From 23 to 29 November at Warsaw Central Station a number of boards were installed. Boards with full-size, photographed figures. Women and men of different ages, shapes and sizes. Just like us. Who were these people? Each picture had a short description saying just that. To read it you had to come closer; you had to be face-to-face with each and every photographed person. However, when you stood in front of them, when you were ready to look into their eyes, you stared at yourself. Their faces were not there. They had been cut out and replaced with mirrors. Everyone who visited the exhibition saw themselves instead of a stranger who they knew nothing about. The fundamental idea behind my vision was for every passerby to see themselves in the mirror while reading the story told by each individual. Was it just the reflection of the face that they knew so well and recognized immediately?
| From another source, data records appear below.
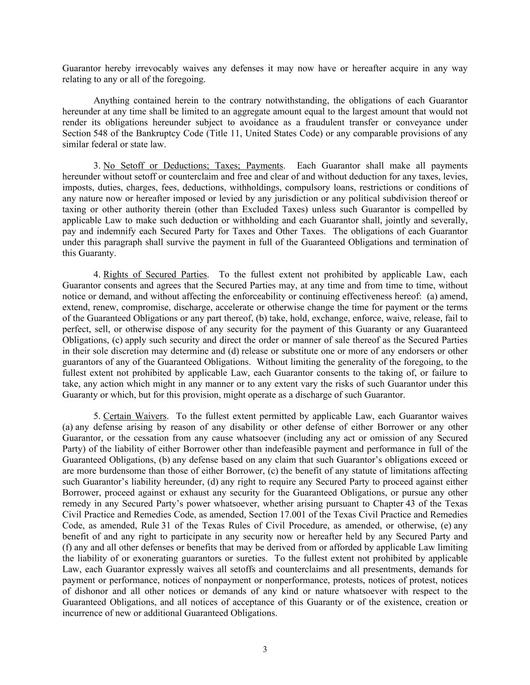 3 Guarantor hereby irrevocably waives any defenses it may now have or hereafter acquire in any way relating to any or all of the foregoing. Anything contained herein to the contrary notwithstanding, the obligations of each Guarantor hereunder at any time shall be limited to an aggregate amount equal to the largest amount that would not render its obligations hereunder subject to avoidance as a fraudulent transfer or conveyance under Section 548 of the Bankruptcy Code (Title 11, United States Code) or any comparable provisions of any similar federal or state law. 3. No Setoff or Deductions; Taxes; Payments. Each Guarantor shall make all payments hereunder without setoff or counterclaim and free and clear of and without deduction for any taxes, levies, imposts, duties, charges, fees, deductions, withholdings, compulsory loans, restrictions or conditions of any nature now or hereafter imposed or levied by any jurisdiction or any political subdivision thereof or taxing or other authority therein (other than Excluded Taxes) unless such Guarantor is compelled by applicable Law to make such deduction or withholding and each Guarantor shall, jointly and severally, pay and indemnify each Secured Party for Taxes and Other Taxes. The obligations of each Guarantor under this paragraph shall survive the payment in full of the Guaranteed Obligations and termination of this Guaranty. 4. Rights of Secured Parties. To the fullest extent not prohibited by applicable Law, each Guarantor consents and agrees that the Secured Parties may, at any time and from time to time, without notice or demand, and without affecting the enforceability or continuing effectiveness hereof: (a) amend, extend, renew, compromise, discharge, accelerate or otherwise change the time for payment or the terms of the Guaranteed Obligations or any part thereof, (b) take, hold, exchange, enforce, waive, release, fail to perfect, sell, or otherwise dispose of any security for the payment of this Guaranty or any Guaranteed Obligations, (c) apply such security and direct the order or manner of sale thereof as the Secured Parties in their sole discretion may determine and (d) release or substitute one or more of any endorsers or other guarantors of any of the Guaranteed Obligations. Without limiting the generality of the foregoing, to the fullest extent not prohibited by applicable Law, each Guarantor consents to the taking of, or failure to take, any action which might in any manner or to any extent vary the risks of such Guarantor under this Guaranty or which, but for this provision, might operate as a discharge of such Guarantor. 5. Certain Waivers. To the fullest extent permitted by applicable Law, each Guarantor waives (a) any defense arising by reason of any disability or other defense of either Borrower or any other Guarantor, or the cessation from any cause whatsoever (including any act or omission of any Secured Party) of the liability of either Borrower other than indefeasible payment and performance in full of the Guaranteed Obligations, (b) any defense based on any claim that such Guarantor’s obligations exceed or are more burdensome than those of either Borrower, (c) the benefit of any statute of limitations affecting such Guarantor’s liability hereunder, (d) any right to require any Secured Party to proceed against either Borrower, proceed against or exhaust any security for the Guaranteed Obligations, or pursue any other remedy in any Secured Party’s power whatsoever, whether arising pursuant to Chapter 43 of the Texas Civil Practice and Remedies Code, as amended, Section 17.001 of the Texas Civil Practice and Remedies Code, as amended, Rule 31 of the Texas Rules of Civil Procedure, as amended, or otherwise, (e) any benefit of and any right to participate in any security now or hereafter held by any Secured Party and (f) any and all other defenses or benefits that may be derived from or afforded by applicable Law limiting the liability of or exonerating guarantors or sureties. To the fullest extent not prohibited by applicable Law, each Guarantor expressly waives all setoffs and counterclaims and all presentments, demands for payment or performance, notices of nonpayment or nonperformance, protests, notices of protest, notices of dishonor and all other notices or demands of any kind or nature whatsoever with respect to the Guaranteed Obligations, and all notices of acceptance of this Guaranty or of the existence, creation or incurrence of new or additional Guaranteed Obligations.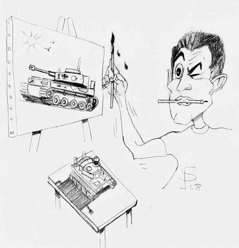 Et là on en revient au travail de la couleur dont on parlait page précédente. Sur le char à distance réelle, quelques détails seulement apparaîtront et, étant donné qu'il a déjà reçu une couche de base, il suffira de faire ressortir ces détails touchés par la lumière. Cela suffit pour donner l'effet...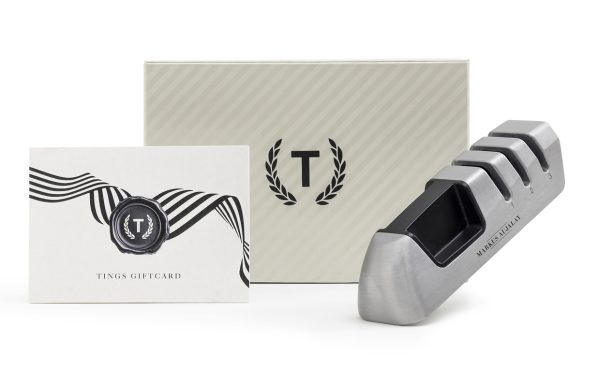 Tings Giftcard med en knivslip som premie/extragåva. Knivslipen är 12cm lång och 3,5cm hög och försedd med tre slipfunktioner. Knivslipen kommer förpackad tillsammans med julkort ( Välj mellan fyra motiv) och giftcard i en elegant box.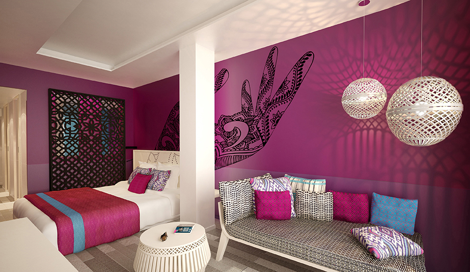 Club Med Yasmina, Morocco. KAFKA GOES PINK provided the totality of the custom design lightings and moucharabieh Fatima Hands on the room walls.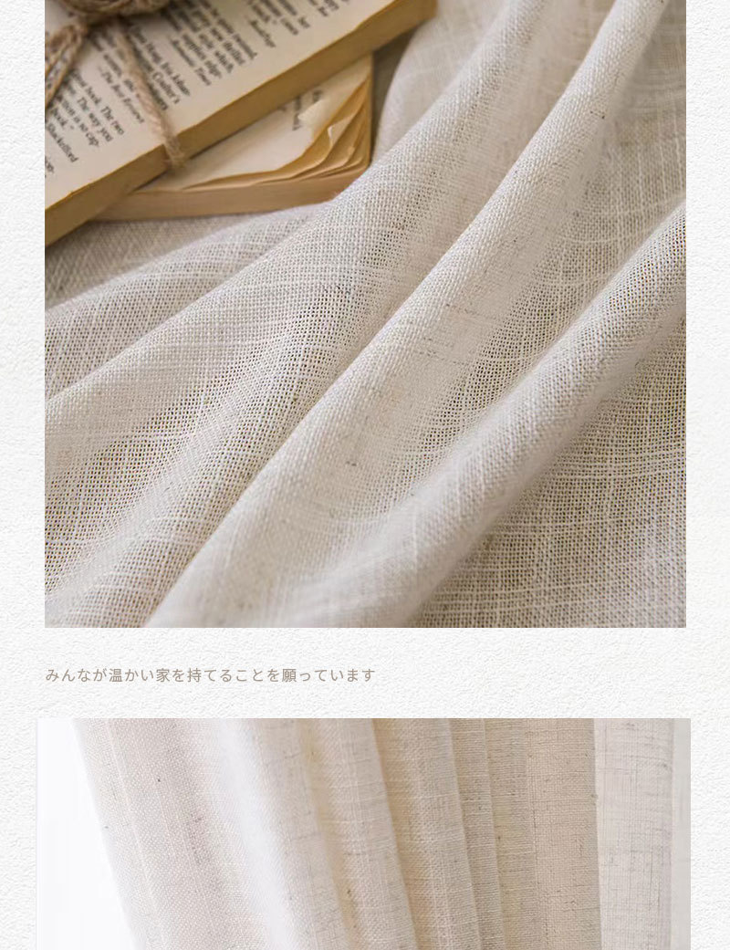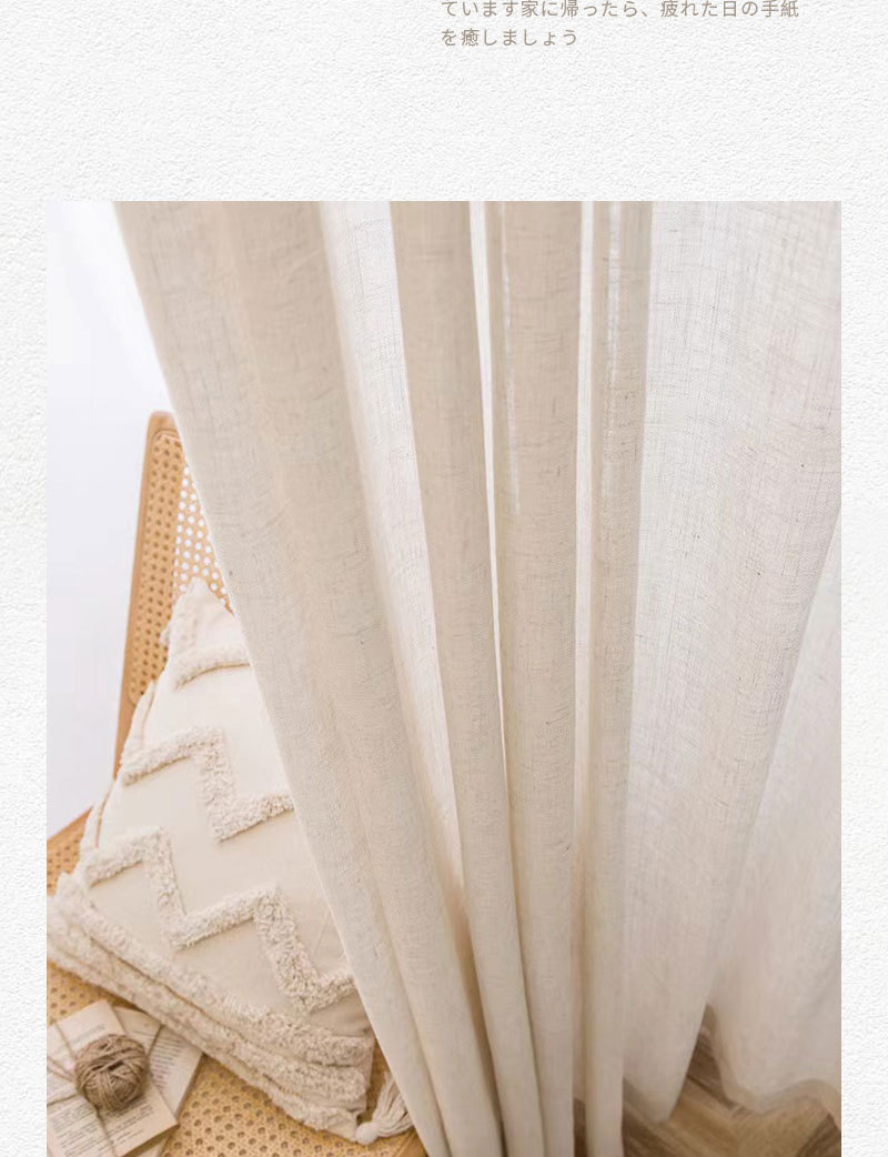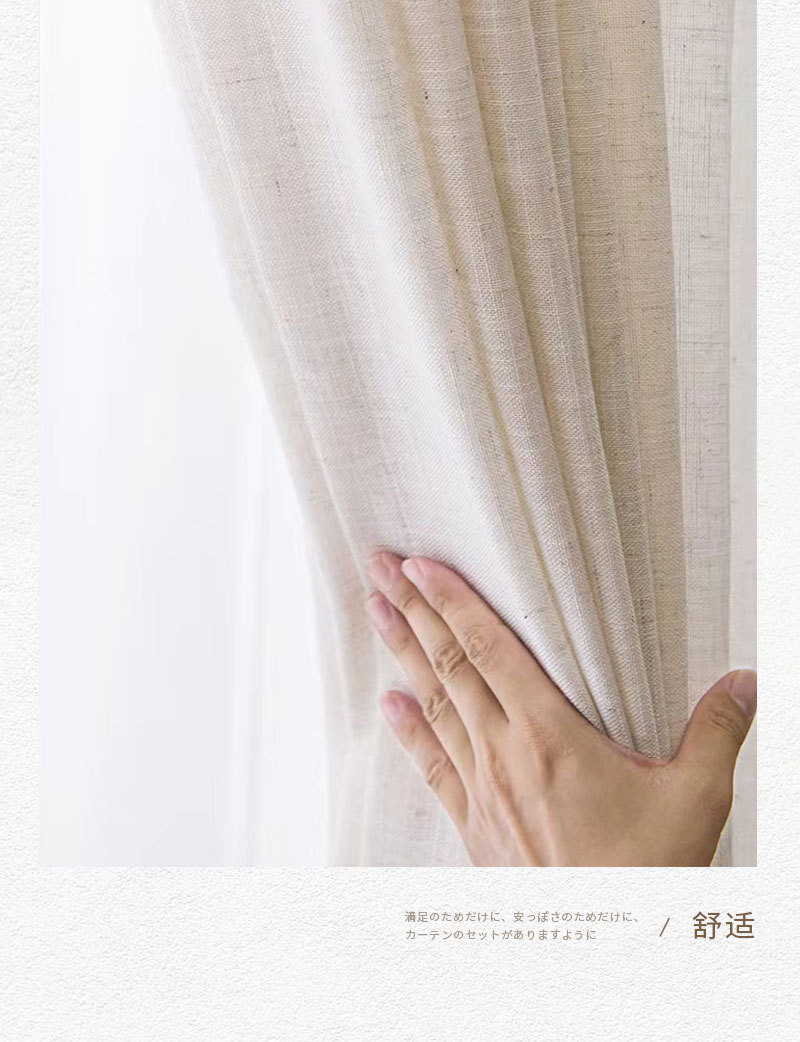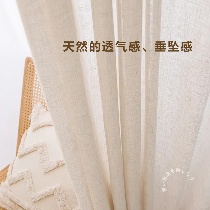 일본식 크림 색상 인 스타일 투명 린넨 원사 커튼 거즈 침실 소녀 거실 베이 창 두껍게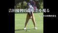 吉田 優利両プロ共にクラブヘッドの動きが速いが、総合的には渋野プロの方が速い。特にダウンスイングが速いのが目に付く。ボールの飛距離は、ヘッドスピード、スイング軌道の大きさ、ミート率、ボールの初速、捻転差その他に影響される。スイングのテンポとリズムとスイングスピードからのみ勘案すると、渋野プロの方が平均飛距離が大きいことには納得できる。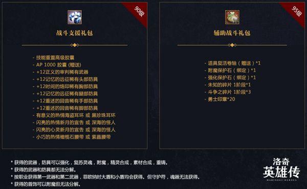 10月24日维护后,“角色成长目标”将迎来全新改版!英雄们升至90级后,将可领取全新的“90级战斗支援豪华礼包”!此前已经领取过90级、95级礼包的艾琳英雄可于10月24日至11月21日期间,在邮箱之中领取全新的90级礼包或特殊印章礼包,“特殊印章礼包”中包含勇士奖章*10和荣誉奖章*10,还请于角色上线的7天内领取并选择,11月21日维护后将不再进行补发!全新的“90级战斗支援豪华礼包”内包含双附魔首饰、+12橙色双附魔90级套装!

Or, perhaps, there was more? Perhaps, the story sounded familiar, perhaps, it was their story too. My thinking behind this form of exhibition was to enable viewers to identify themselves with those who undergo psychological crises and a variety of mental disorders; to let them see their own reflections in these stories.
The wide range of stories and experiences I used was the key to this project. Psychological crises affect most of us, but, as the stories tell, crisis is not always the end. On the contrary, it is usually the beginning. Each photographed person described their battle with a mental illness in their own words. They decided to share their experiences to help those who, for whatever reason, have not sought help yet.
I would like to send a huge thank you to all who took part in this project. Thank you for your bravery, thank you for sharing your stories with not only me, but with everyone. I hope that this exhibition will be held in different places around Poland. The statistics say that one in four of us is affected by mental problems in one way or another. Meaning it can happen to any of us at any time. Developing greater awareness of how common it is is crucial. The earlier one seeks help, the sooner one recognises early symptoms, the greater the chances of a full recovery.